Viviamo sempre alla rincorsa dell’ultima novità,dell’ultima figata,dell’ultimo accessorio e ci ritroviamo con firmware per cellulari e consolle buggati i quali bug vengono risolti ma se ne creano altri, tanto alla fine il testing si fa sulle nostre spalle vero?
W Debian e le revisioni delle CPU (o dell’hardware in generale) almeno spendi ma sei sicuro che non ti lasciano a piedi e pazienza se non ho tutto aggiornato all’ultimissima versione o non ho le ultime feature che sembrano indispensabili, almeno i miei strumenti informatici funzionano bene e sempre ;)
Magilla
19 gen 2009 - 16:30 - #10Per me è semplicemente, almeno per google “pararsi il deretano”: non è una beta a buon senso, ma se la dichiaro tale non mi posson chieder danni.
ajjajjajj
19 gen 2009 - 22:54 - #115 anni per essere esatti.
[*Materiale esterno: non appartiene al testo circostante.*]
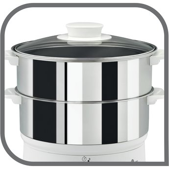 Parný hrniec nesmie chýbať v žiadnej domácej kuchyni. Spoločnosť Tefal patrí medzi popredných výrobcov kuchynských spotrebičov, voľbou parného hrnca od tejto značky preto vsádzate na osvedčenú klasiku. Zariadenie disponuje veľkým objemom 6 litrov, hodí sa preto aj do väčších rodín, kde je potrebné variť veľké porcie, aby si každý mohol naplno pochutnať. Aby ste nemuseli hrniec neustále strážiť, je možné aktivovať časovač. Pootočením ovládacieho gombíka máte možnosť nastaviť si dobu až na 60 minút, po uplynutí ktorej sa prístroj sám automaticky vypne.
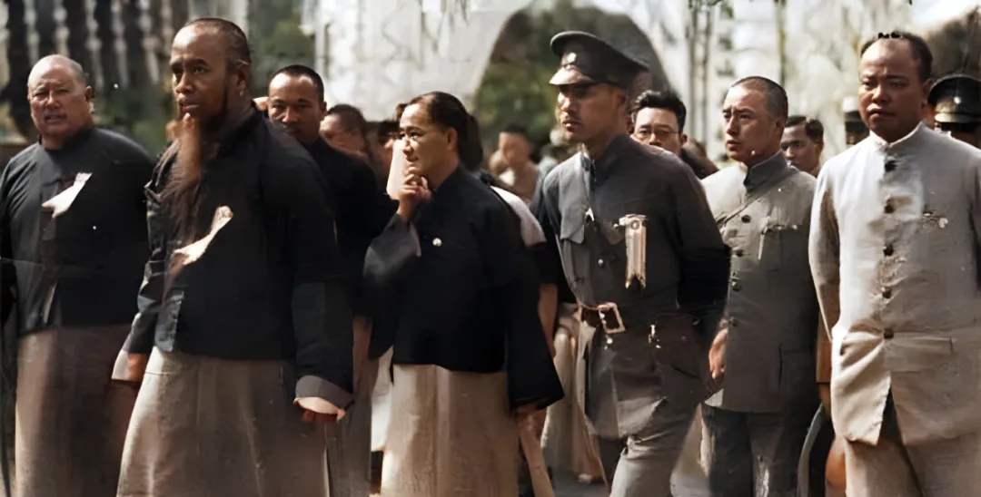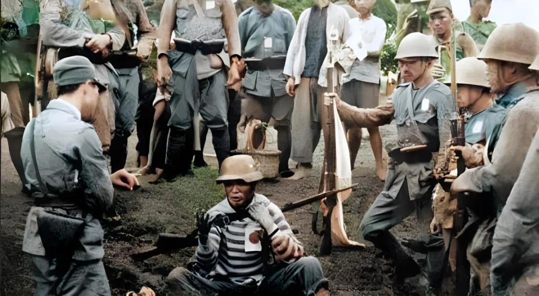 民国上色老照片:日本兵羞辱中国战俘;日军捕获杀害的我便衣志士;前线督战的吴佩孚;汪精卫之子法庭接受审讯;战犯谷寿夫等被押送到南京。

Comunque quella di google è solo una scusa per pararsi da eventuali bugs e roba simile secondo me.
Ortablog
20 gen 2009 - 15:53 - #12Visto che secondo qualcuno chi è smaliziato ed intelligente non usa GMail io non sono nè smaliziato mè intelligente e continuo ad usare GMail con soddisfazione. Se poi c’è una scritta beta in alto o se un diabolico bot legge le mie segretissime mail vivo comunque sereno.